A list,

There are two kinds of music retrieval: text-based retrieval and content-based retrieval. Text-based retrieval is the most common way to retrieve a song by entering the name of the song, the name of the artist or the lyrics. It is completed by feature marking the music in the music library, and each music has the information of song name, singer and lyrics. Users often use inverted index to search keywords. The premise of text based retrieval is that the user knows some information about the song, which can meet the user’s needs in most cases. But this limitation can be a drawback in some cases.
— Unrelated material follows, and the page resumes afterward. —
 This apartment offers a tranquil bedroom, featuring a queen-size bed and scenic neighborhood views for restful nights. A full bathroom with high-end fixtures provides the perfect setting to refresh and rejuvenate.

A lot of times, the music users want to retrieve is a song they’ve overheard while walking down the road. The snippet may be pop music, but it’s unrealistic for users to memorize the lyrics; Or it could be pure music, in which case text-based retrieval is useless. In addition, tagging millions of songs can be a time-consuming task.
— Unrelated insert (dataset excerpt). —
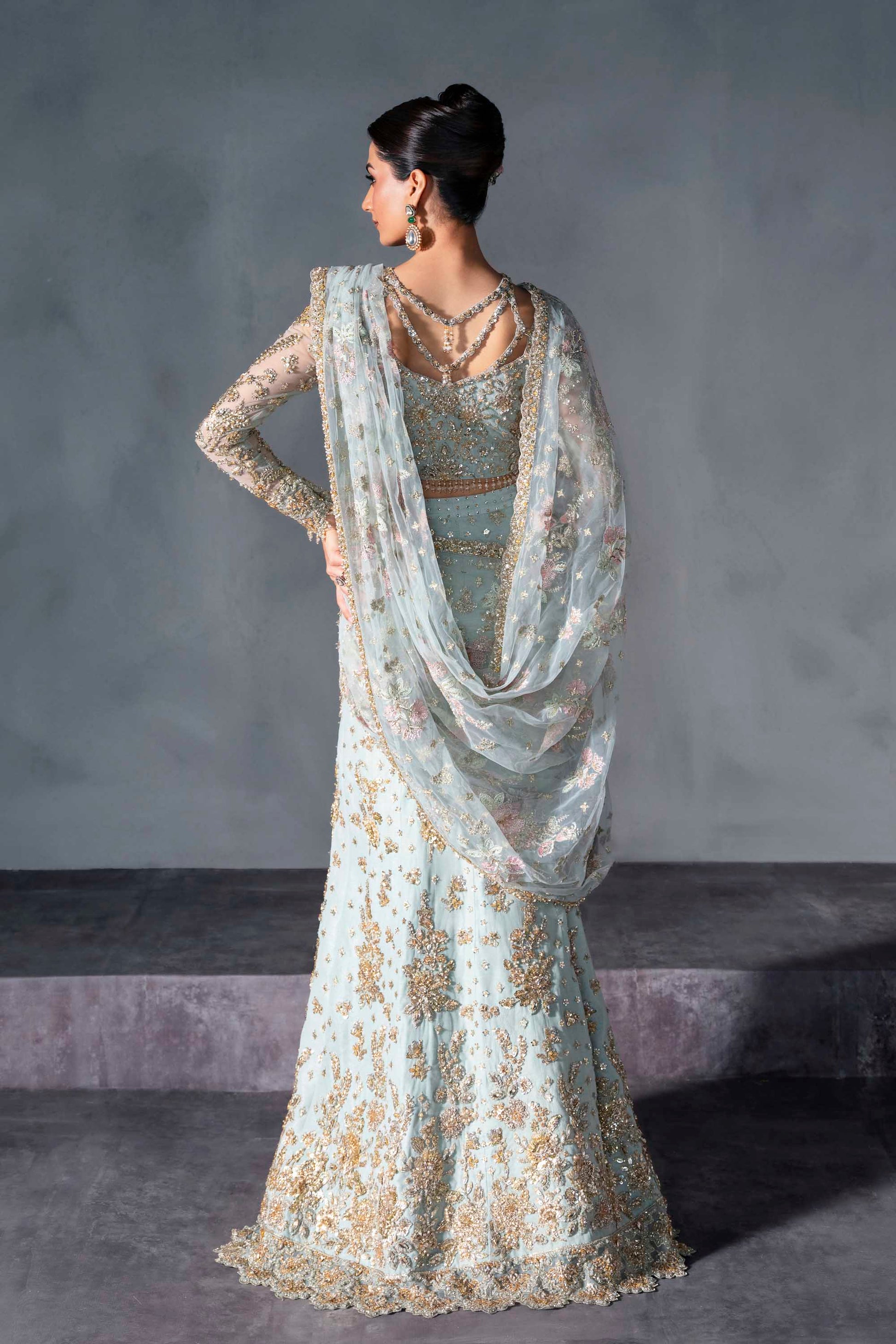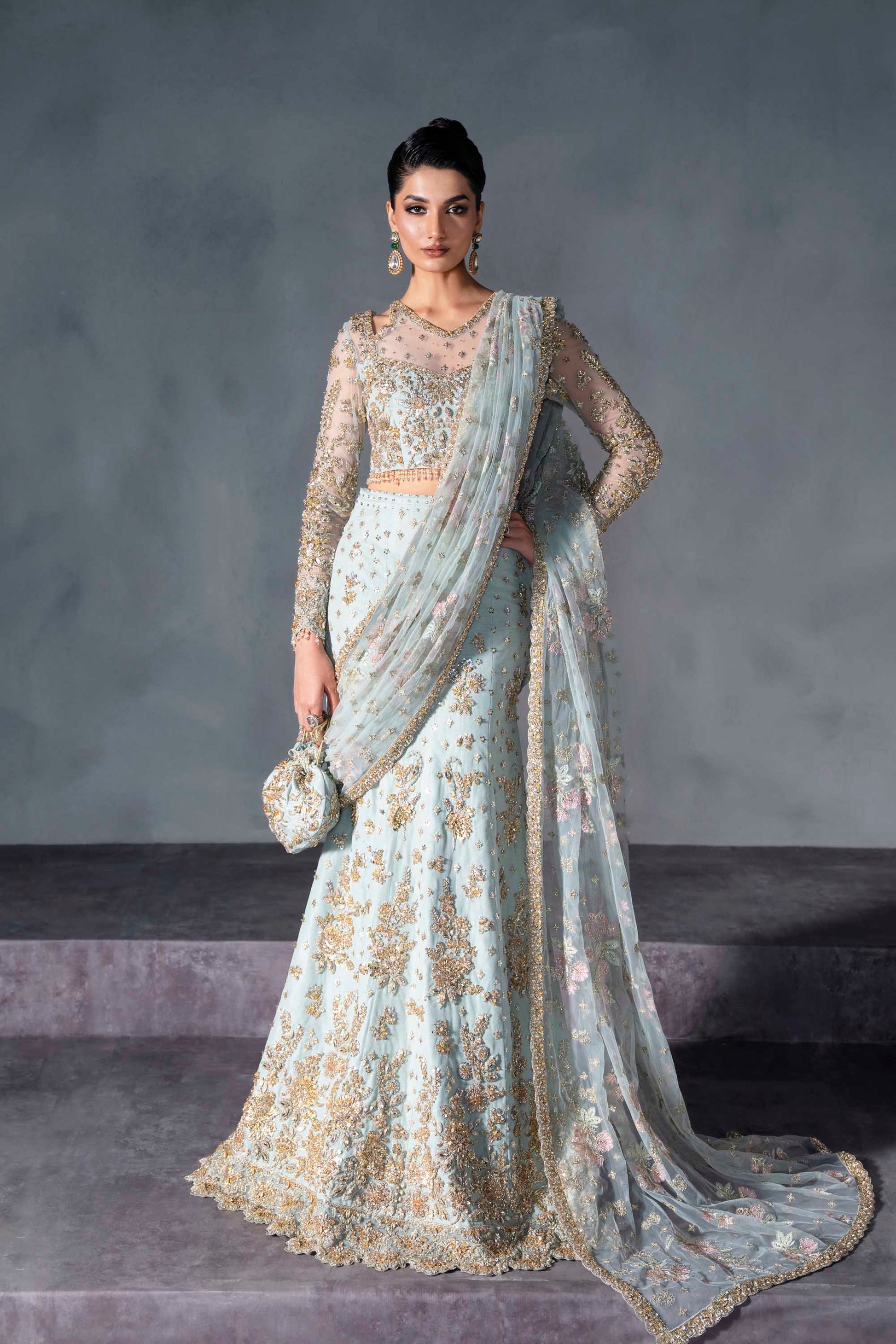 Exude refined elegance in this powder blue bridal lehenga by Akbar Aslam, designed for the bride who dares to be different. The ensemble features a delicately hand-embellished choli with sheer sleeves and soft floral motifs, paired with a graceful lehenga adorned in golden embroidery and sequin detailing. A flowy net dupatta with pastel floral accents adds a romantic dimension, while the matching handcrafted pouch completes the ethereal look. Light, dreamy, and modern—this design is perfect for daytime celebrations and intimate weddings.

In order to meet the demand of users to search anytime and anywhere, content-based music retrieval arises at the historic moment. Content-based music retrieval does not require the user to provide keywords, but searches through raw audio. It can be divided into two forms: humming search and recording search.

2 Humming search

Humming retrieval is a hot topic in music retrieval. It is performed by humming music fragments. Here’s how it works: The user sings to retrieve a piece of music, usually between 10 and 15 seconds long, and then uploads the piece to the server, which returns the music most similar to the user’s hum through similarity matching. Instead of matching the original music directly, the server firstly extracts features from music fragments and then retrieves them using features. The most commonly used feature is the fundamental frequency sequence of music. The core of hum retrieval is similarity matching between fundamental frequency sequences. The hum retrieval is a fuzzy match because the user’s humming fragment cannot be exactly similar to the actual music fragment in the library. For fuzzy matching, there are many methods, the most commonly used such as string editing distance, complex DTW dynamic time warping algorithm. For the purpose of accuracy, DTW dynamic time warping algorithm is often used in hum retrieval. This algorithm is a dynamic programming algorithm with high complexity, but it is very suitable for fuzzy matching between time series, so it has the highest accuracy in hum retrieval. Although DTW algorithm is a dynamic programming algorithm, it can be accelerated by GPU, FPGA and other hardware, so the retrieval speed is not a bottleneck at present.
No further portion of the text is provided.